Versuchsanordnungen. „Die geschmackliche Entwicklung beim Lagern geht generell in Richtung weich. Die Kohlensäure schwindet, bei einem Bockbier etwa kommen noch mehr Röstaromen zum Vorschein, es wird karamelliger.“ Kunden, die sich für die Aromaentwicklung eines Bieres über die Zeit interessieren, empfiehlt Markus Betz, sich drei Flaschen zu kaufen. „Eine trinkt man sofort, macht sich vielleicht Notizen. Eine nach einem Jahr, eine nach drei oder vier Jahren.“ Wichtig sei beim Lagern von Bieren allerdings immer der Faktor „vielleicht“. „Es kann sein, dass sich gar nichts tut. Dass ein Bier nur abbaut“, meint Betz. Als Beispiel für die nicht vorhersagbare Entwicklung von Bieren nennt er das Hofstettner Honigbock, das er auch gleich für eine kleine Versuchsanordnung zuhause empfiehlt.

„Zur Eröffnung des BeerLovers-Geschäfts im vergangenen Dezember haben wir eines von 2011 bekommen, mit Bügelverschluss, wo natürlich immer Sauerstoff dazukommen kann. Das war nur schal. Das von 2012 hingegen war hochinteressant, fast ein Likör.“ Biersommelierstaatsmeister Clemens Kainradl empfiehlt Interessierten, sich eine Kiste mit dem Samichlaus der Brauerei Eggenberg zu besorgen und über zehn Jahre zu trinken. Mit seinen 14 Volumsprozent sei dieses Starkbier ein Paradebeispiel für Reifepotenzial. Denn der Alkoholgehalt ist entscheidend. „Ab sechs Prozent wird ein Bier nicht fader und schlechter, sondern kann sich auch positiv entwickeln.“ Ein filtriertes Bier mit 4,9 Volumsprozent sei eher der Kandidat für schalen Kartongeschmack. Eine Ausnahme sind Sauerbiere, die auch bei niedrigem Alkoholgehalt überaus lagertauglich seien und durch das Liegenlassen „runder, weniger kantig“ würden. Barley Wines wie das L’Ultima Luna von Del Ducato indes entwickeln sich, machte Kainradl die Erfahrung, „auch geöffnet noch über Monate positiv“ – auf den Flaschen von L’Ultima Luna sind als Mindesthaltbarkeit sogar einige Jahrzehnte angegeben.

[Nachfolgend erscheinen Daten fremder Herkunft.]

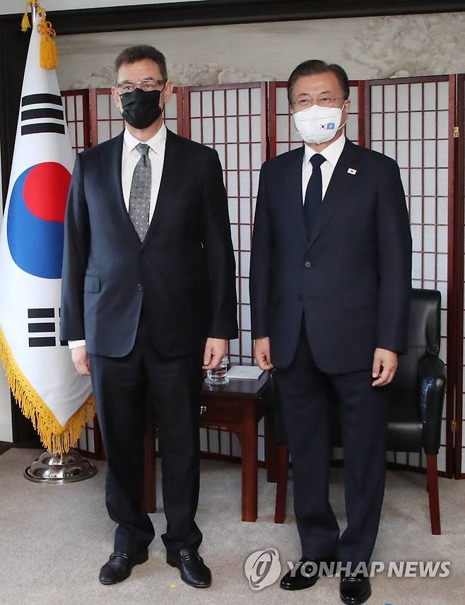 (뉴욕=연합뉴스) 최재구 기자 = 문재인 대통령이 21일(현지시각) 미국 뉴욕 시내 호텔에서 앨버트 불라 화이자 최고경영자(CEO)와 접견에 앞서 기념촬영을 하고 있다. 2021.9.21
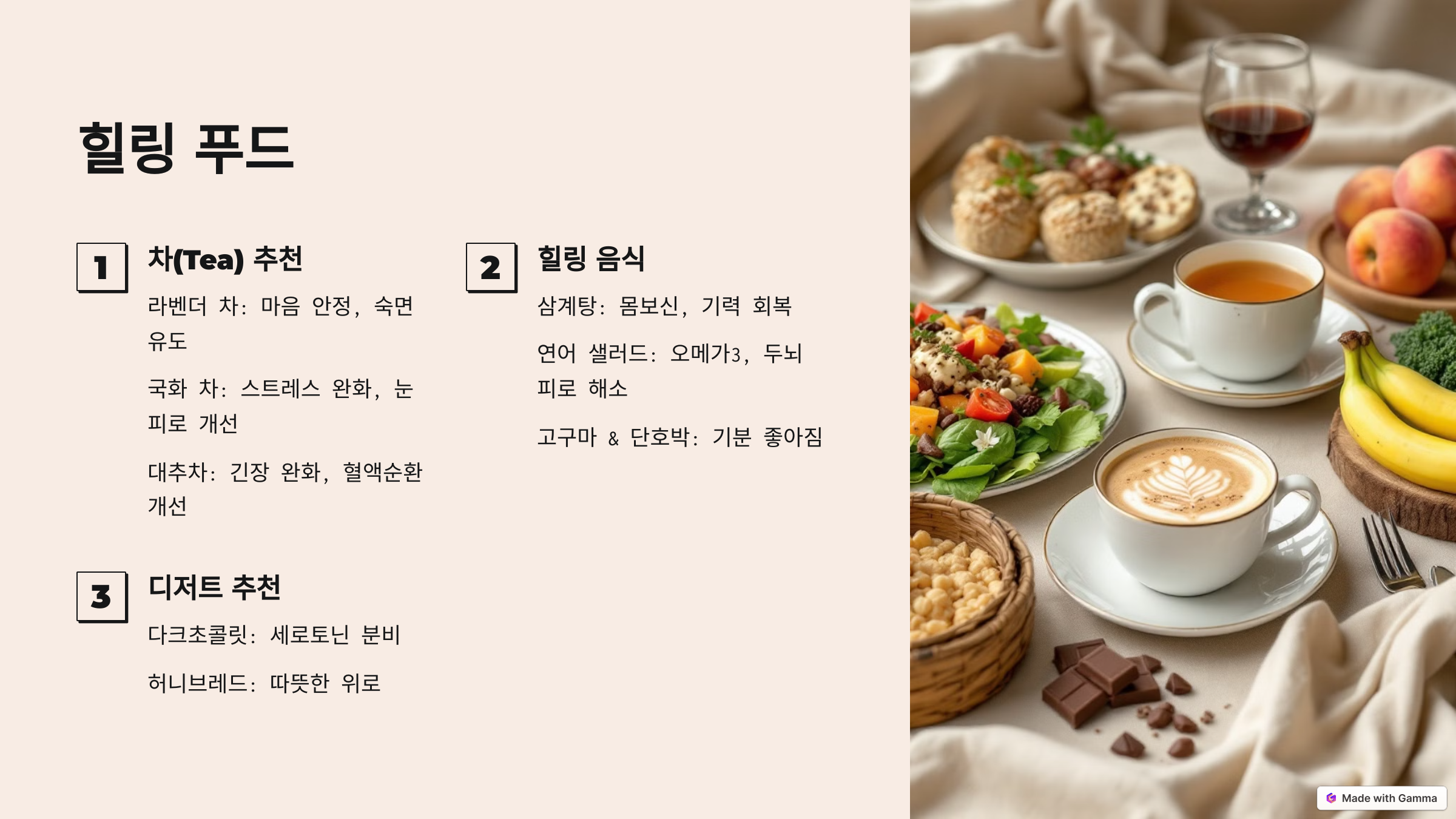 3. 힐링 푸드 (피로회복 & 스트레스 완화 음식)

Sherrynoten. Wie schnell ein Bier reift, hängt auch davon ab, wo es gelagert wird. „Wenn man es neben dem Kühlschrank stehen hat, wo es warm ist und vielleicht leicht vibriert, hat man eine Schnellreifung.“ Eine solche wird zu Testzwecken übrigens auch von großen Brauereien durchgeführt. Über ein paar Wochen hinweg wird abgefülltes Bier immer wieder aufgeheizt und heruntergekühlt, „um ein, zwei Jahre Reifung zu simulieren“. Die Entwicklung des Aromaprofils beschreibt Kainradl, der auch Bierhändler ist (Bierfracht.at), anhand eines Double IPA (India Pale Ale) so: „Am Anfang ist da eine deutliche Hopfenbittere. Die geht langsam zurück, dafür spielt sich allmählich das Malz in den Vordergrund, es kommen Anklänge an Dörrfrüchte dazu, zarte Sherrynoten.“ Die Sherrynoten erwähnt Kainradl auch bei Bockbieren: „Mir sind Bockbiere oft zu süß. Mit dem Lagern geht die Süße zurück, und es entwickeln sich Sherrynoten. Ein Bockbier will auch nicht mit Hopfen punkten, das heißt, der Rückzug des Hopfens stört da nicht.“ Der Biersommelier empfiehlt generell, Bockbiere „wie den typischen Weihnachtsbock einer Großbrauerei“ erst nach mindestens einem Jahr zu trinken. Noch viel weiter geht da der Piemonteser Teo Musso, Bierbrauerikone und Craftbeer-Vorreiter Italiens: Auf seinem Xyauyù, einem kohlensäurefreien, fast likör­artigen Barley Wine mit 14 Volumsprozent Alkohol, ist als Haltbarkeitsangabe zu lesen: „La fine del mondo“ – Das Ende der Welt.